Requirement:
Copy exactly the lines from the start of the material through the line with "Camisetas con estampado". Pictures stay out of the copy.

Data excerpt:
»»

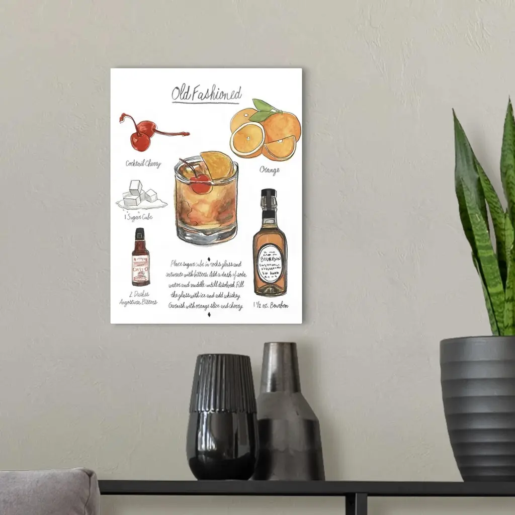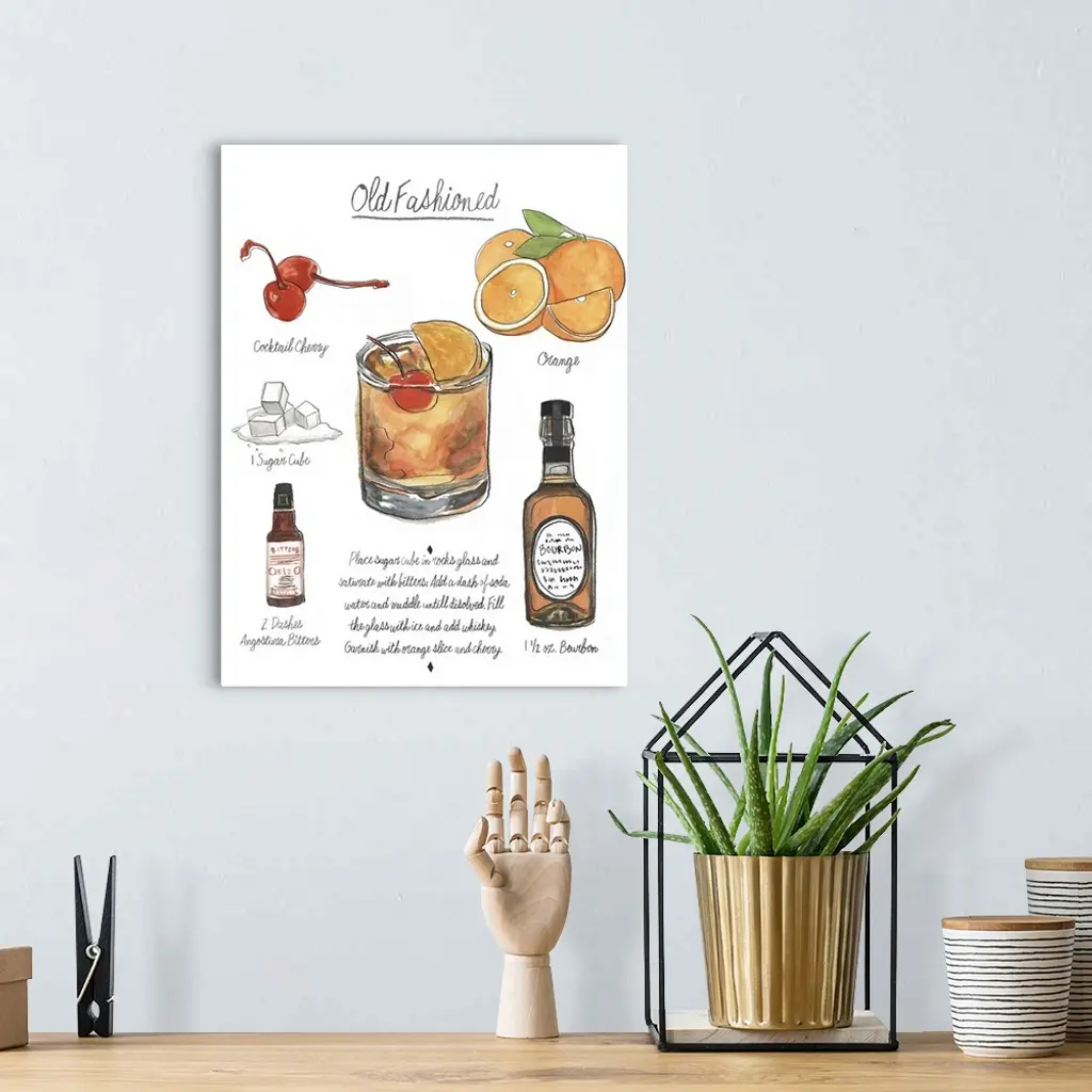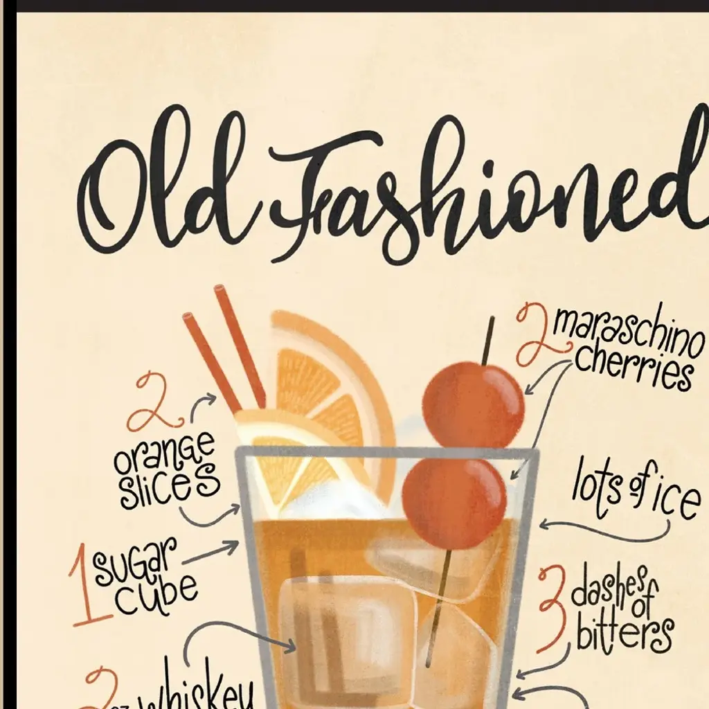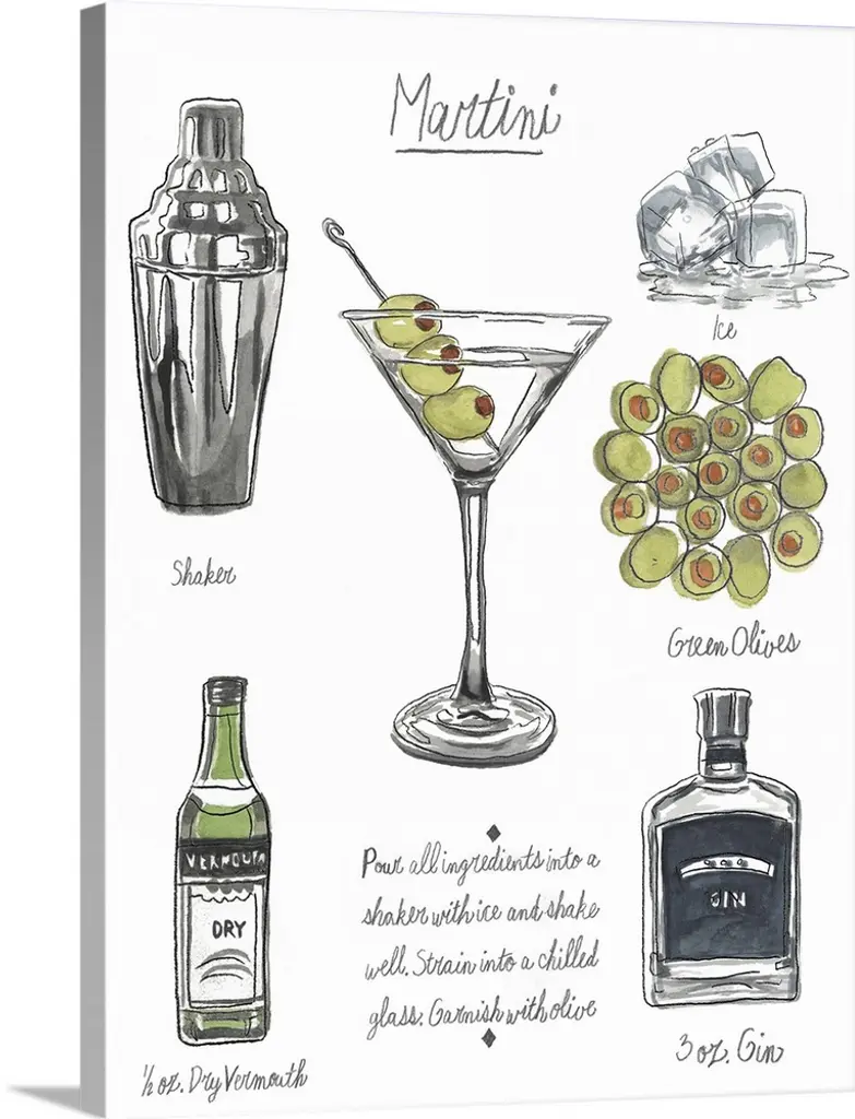 Contemporary artwork of a cocktail recipe showing illustrated ingredients against a white background.
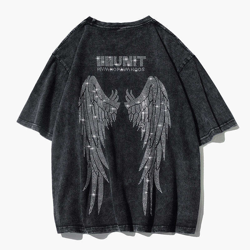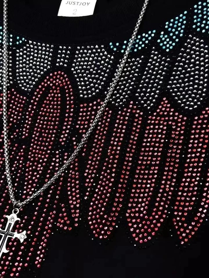 Camisetas con estampado de logotipo de cristal para hombre, camiseta personalizada con diamantes de imitación, camiseta ostentosa de moda de algodón pesado con hombros caídos de manga corta de Hip Hop
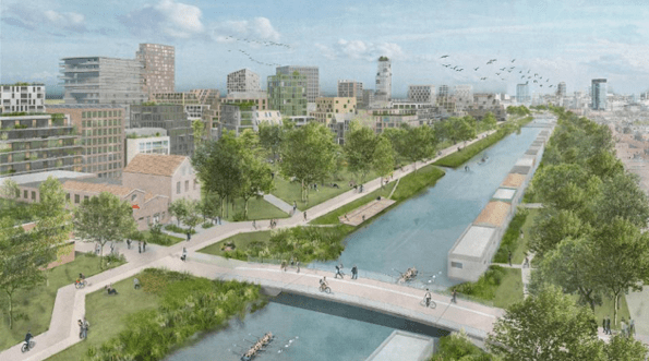 Impressie van Merwede wijk, een autovrije en groene stadsuitbreiding van Utrecht, nabij het centrum, getekend door Marco Broekman en OKRA. Gemeente Utrecht.

««

Task answer:
 Contemporary artwork of a cocktail recipe showing illustrated ingredients against a white background.
 Camisetas con estampado de logotipo de cristal para hombre, camiseta personalizada con diamantes de imitación, camiseta ostentosa de moda de algodón pesado con hombros caídos de manga corta de Hip Hop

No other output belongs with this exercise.